A Multi-Dimensional Array is an array of arrays. The most common form is the 2D Array (Matrix), used for grids, images, and linear algebra.
Memory Layout: The “Linear” Reality
There is no such thing as a “grid” in hardware. RAM is a linear strip of bytes, like a massive 1-D tape.
To store a 2-D grid, we must map it to this 1-D line. There are two ways to do this:
1. Row-Major Order (C/C++, Rust)
We store the first row completely, then the second row, and so on.
- Formula:
Address(Row, Col) = Base + ((Row * Width) + Col) * ElementSize
Visual: Grid:
[ A, B ]
[ C, D ]
RAM (Linear):
| A | B | C | D |
2. Column-Major Order (Fortran, MATLAB)
We store the first column completely, then the second. RAM (Linear):
| A | C | B | D |
Cache Locality & Performance (Critical!)
Because of Row-Major Order in C, iterating “Row by Row” is fast, while iterating “Column by Column” is slow.

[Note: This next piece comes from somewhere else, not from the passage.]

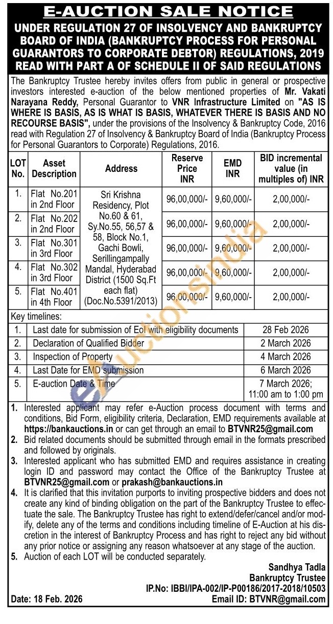 Flat No.301 in 3rd Floor Sri Krishna Residency, Plot No.60 & 61, Sy.No.55, 56,57 & 58, Block No.1, Gachi Bowli, Serillingampally Mandal, Hyderabad District (1500 Sq.Ft each flat) (Doc.No.5391/2013)

Fast (Sequential Access = Cache Hits):
// Good! We read A, B, C, D...
for(int r=0; r<ROWS; r++) {
for(int c=0; c<COLS; c++) {
sum += matrix[r][c];
}
}Slow (Strided Access = Cache Misses):
// Bad! We jump memory addresses wildly.
for(int c=0; c<COLS; c++) {
for(int r=0; r<ROWS; r++) {
sum += matrix[r][c];
}
}2-D Arrays on the Stack vs. Heap
1. Stack (Static):
int matrix[10][10]; // Contiguous block of 100 ints.
2. Heap (Dynamic) - The “Array of Pointers” Trap:
int **matrix = malloc(rows * sizeof(int*));
for(int i=0; i<rows; i++) matrix[i] = malloc(cols * sizeof(int));- Problem: Each row is allocated separately. They might be scattered all over the RAM. (Poor Cache Locality)
- Solution: Allocate one massive 1-D block (
rows * cols) and use the math formula to access it as 2-D.